Defendant makes the argument that attorney's fees should be considered a unitary amount in controversy above the jurisdictional minimum provided for in 28 U.S.C. § 1332. In support of this argument, Defendant cites to a recent Northern District of Florida case in which the court held that a claim for attorney's fees in a class action suit should be considered in aggregate to determine the amount in controversy. Howard v. Globe Life Ins. Co., 973 F.Supp. 1412, 1419-21 (N.D.Fla.1996).

In Howard, the plaintiffs brought a class action suit that alleged violations of certain Florida statutes prohibiting sales of credit life insurance in amounts greater than those necessary to pay off the balance of certain loans. Id. at 1414. The defendants removed the action to federal court based on diversity of citizenship jurisdiction. Id. The plaintiffs filed a motion to remand the case to state court based on the contention that the amount in controversy requirement was not satisfied. Id. The defendants argued that the amount in controversy was satisfied by, inter alia, the plaintiffs' potential attorney's fee award called for by the Florida statute at issue. Id. The court, persuaded by the plaintiffs' argument regarding attorney's fees, held that in these types of class actions attorney's fees should be considered in the aggregate and not distributed pro rata. Id. at 1420.

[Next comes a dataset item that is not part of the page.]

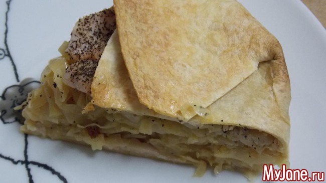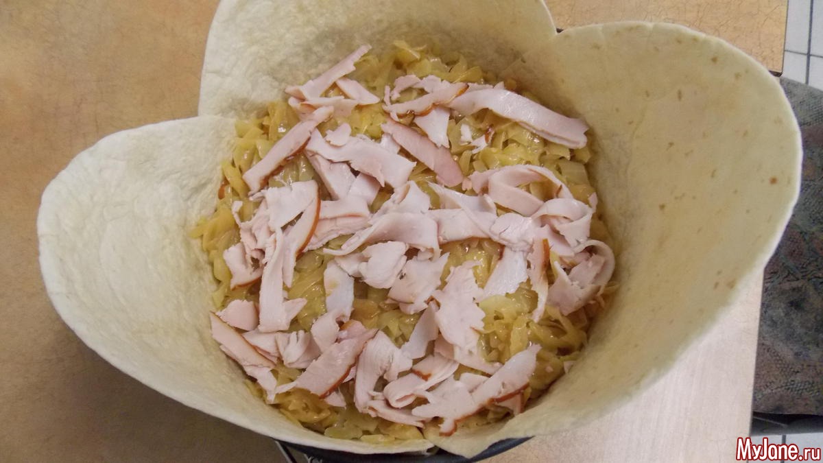 Вчера нажарил капусты, а Лаханоризо Котька не захотела, и пришлось просто сделать пирог с ветчиной из грудки индейки.

Although Howard supports Defendant's argument that the amount in controversy requirement has been satisfied in the case at bar, this Court finds its reasoning unpersuasive. In fact, this Court agrees with the line of cases holding that attorney's fees cannot be aggregated when determining the amount in controversy in a class action. See, e.g., Bishop v. General Motors Corp., 925 F.Supp. 294, 299 (D.N.J.1996); Neff v. General Motors Corp., 163 F.R.D. 478 (E.D.Pa.1995); see also Michael A. Baldassare, Pandora's Box or Treasure Chest?: Circuit Courts Face 28 U.S.C. § 1367's Effect on Multi-Plaintiff Diversity Actions, 27 SETON HALL L. REV. 1497, 1534 (1997) (discussing the dichotomy in federal court decisions with regards to the aggregation of attorney's fees when calculating the amount in controversy). In Bishop, for example, the court was faced with a class action suit filed by a car owner seeking damages due to economic harm allegedly caused by the defendant manufacturer's failure to disclose a brake defect. Bishop, 925 F.Supp. at 297. In determining that attorney's fees may not be aggregated to meet the jurisdictional minimum, the Bishop court expressly stated that fees are to be distributed pro rata "across the class or across the claimants." Id. at 300.[8]

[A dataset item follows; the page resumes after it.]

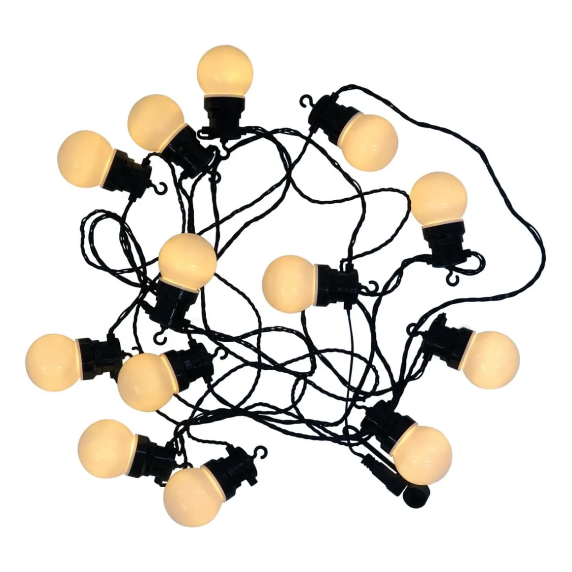 Stimmungsvolle LED Lichterkette für Außen mit warmweißer Beleuchtung. 10 runde Birnen (in jeder befinden sich 4 mini LEDs) sorgen für eine angenehme Atmosphäre. Die Lichterkette ist insgesamt 9,5 m lang, verteilt auf 5 m Anlaufschnur und 4,5 m Lichtschnur. Der Abstand zwischen den Birnen beträgt 50 cm.

Likewise, the Neff court dealt with a lawsuit brought by vehicle owners against the automobile manufacturer for economic loss resulting from allegedly defective brakes. Neff, 163 F.R.D. at 479-80. The parties in that case agreed that the named plaintiffs suffered actual damages of, at the most, $3,700. Id. at 483-84. The court noted that even if it chose to treble the damages pursuant to the applicable statute, the defendant could only justify jurisdiction by claiming that each plaintiff was entitled to approximately $40,000 in attorney's fees.[9]Id. at 484. The court stated that "it is hard to conceive how a $10,000 claim, already statutorily trebled, could support a reasonable attorney's fee of $40,000." Id. In concluding *346 that attorney's fees are to be apportioned pro rata, the court noted that it "would never award in attorney fees an amount that is over thirteen times the amount of actual damages or four times the amount of statutorily (and hypothetically) trebled damages." Id. According to the Neff court, "[t]o do so would be to reward overlawyering of the case." Id.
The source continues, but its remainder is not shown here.